I Need to Ride
For one thing, walking sucks. Not only is it too slow, I always seem to fall victim to the worst possible walking scenarios—for example pacing about on concrete for 10 hours at a time. Maybe it’s just my fault for wearing improper shoes or something, but I always end up lamenting my barking dogs as though I were an aging postal worker instead of a rough and tumble 27-year old urbanite.
My body has grown accustomed to exercise! I’ve always been rather susceptible to dust, pollen and other such allergies, but anytime I get my lungs cranking to full capacity I can at least temporarily kiss my sinus-induced suffering goodbye.
By the third day of marching from the hotel to the convention center I realized I was dragging my feet with a complete lack of enthusiasm. My muscles felt tight and any attempt to stretch was either thwarted by the onset of undue tension or the invitation to participate in another Vegas-style display of domestic beer abuse. I’m not claiming to be a boundless ball of energy every waking moment, but you’ll seldom catch me wasting time between point A and B. I take two stairs at a time going up and I like to jump down as many as possible coming down. A few days without jumping logs or curbs—without bunnyhopping or riding wheelies—left me sauntering like I had just shot Ole Yeller.
But I believe the physical effects of not riding are terribly outweighed by the strain put on my brain. As much fun as I have on my bicycle, I regularly use riding as an outlet for my aggression. Let’s face it, I play punk rock for a reason and I’m not the most sociable guy in the industry. With no “me time” available between the convention and subsequent parties, I often found myself restless and agitated even with all the creature comforts I could desire at my fingertips.

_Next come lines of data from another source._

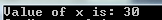 cout << "Value of x is : ";
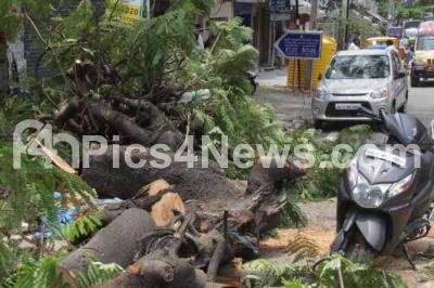 Photo Caption : A tree uprooted at Manjunath Nagar due to heavy wind and rain in the city, in Bengaluru on Friday 24th April 2020
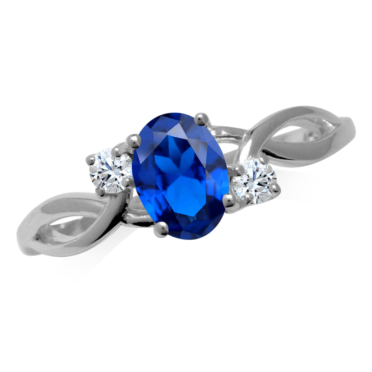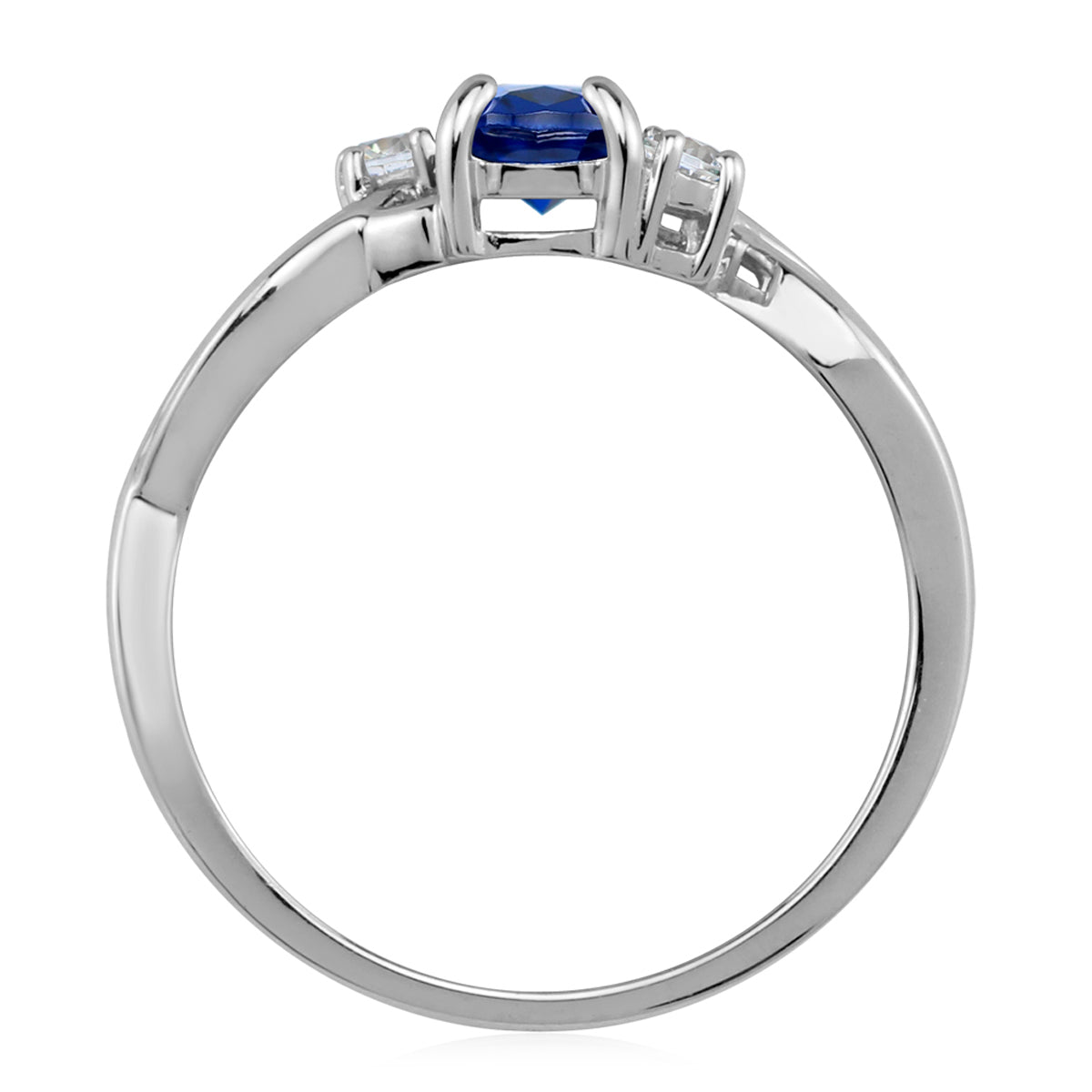 7X5mm Created Oval Shape Blue Sapphire White Gold Plated 925 Sterling Silver Engagement Ring September Gemstone Birthstone
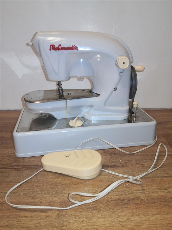 Antique toy Ma Cousette sewing machine. Still in good condition (with a few small rust spots on the stainless steel finish). Features a wired pedal. Motor tested (in 5 volts) works with mechanical drive and functional belt. Retro 1960s vintage.
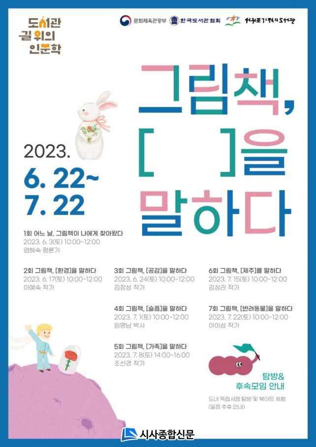 ¶ÇÇÑ, ±×¸²Ã¥ °ü·Ã ÄÜÅÙÃ÷ º¸À¯Ã³ÀÎ µµ³» µ¶¸³¼Á¡ µîÀ» ã¾Æ°¡´Â ޹æ°ú ±×¸²Ã¥ ºÏ¾ÆÆ®¸¦ üÇèÇÏ´Â ÈļӸðÀÓÀ» ÅëÇØ ±×¸²Ã¥À» ´õ ±íÀÌ °æÇèÇÏ´Â ½Ã°£À» Á¦°øÇÑ´Ù. Âü¿© ½ÅûÀº Á¦ÁÖµµ °ø°øµµ¼°ü ȨÆäÀÌÁö(www.jeju.go.kr/lib)¸¦ ÅëÇØ ¿Â¶óÀÎÀ¸·Î ½ÅûÇÒ ¼ö ÀÖÀ¸¸ç, ±×¸²Ã¥À» ±íÀÌ ¾Ë°í ½ÍÀº µµ¹ÎÀ̶ó¸é ´©±¸³ª Âü¿© °¡´ÉÇÏ´Ù.
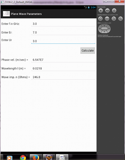 User enters frequency in GHz, Er & Ur, pushes the "Calculate" button and this app calculates phase velocity, wavelength and impedance. As an example, enter 3 for GHz, 7 for Er and 3 for Ur, then push calculate. This should result in 6.547E7 m/sec for the phase velocity, 0.0218 m for the wavelength and 246.9 Ohms for the impedance.
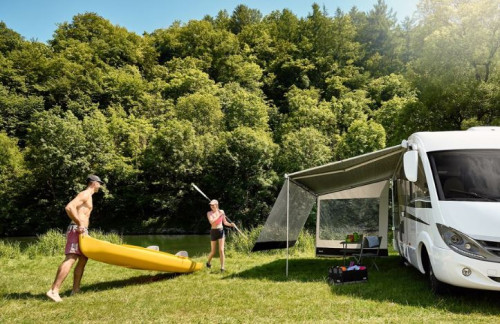 Přední díl pro zajištění soukromí pro markýzy Thule umožňující proudění čerstvého vzduchu, ale chránící před sluncem.
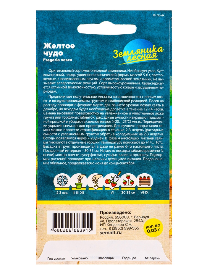 Семена Земляника Желтое чудо ремонтантная/Сем Алт/цп 0,03 гр.
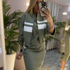 VERTIKALA SIDORÄNGA– Klänningen accentueras av vertikala ränder längs sidorna, vilket subtilt förlänger siluetten och skapar ett elegant utseende. Denna detalj tillför inte bara visuellt intresse utan framhäver också kroppens naturliga linjer. Randdesignen harmonierar med den färgblockerade jackan, vilket gör att de två plaggen bildar en sammanhängande och stilfull helhet.
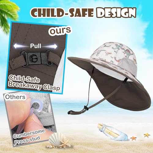OMDEX Toddler Kids Sun Hat with Neck Flap Boys Girls Summer Beach Hat UPF 50+ Reflective Kids Fishing Safari Hat Wide Brim

So at long last, after what seemed to be a marathon of travel (and subsequent down-time on the couch) I finally got to throw a leg over my commuter bike this Thursday morning. Joel and I seemed to pedal slowly out of the ghetto, enjoying every pedal stroke. We gained speed thorough Morningside and tears welled in my eyes as we screamed down Baker Street and out into traffic. While changing lanes on the bridge a joker laid on his horn while chatting on his cell phone—I just waived. I did the same to the next angry motorist. I didn’t care; I was back on two wheels.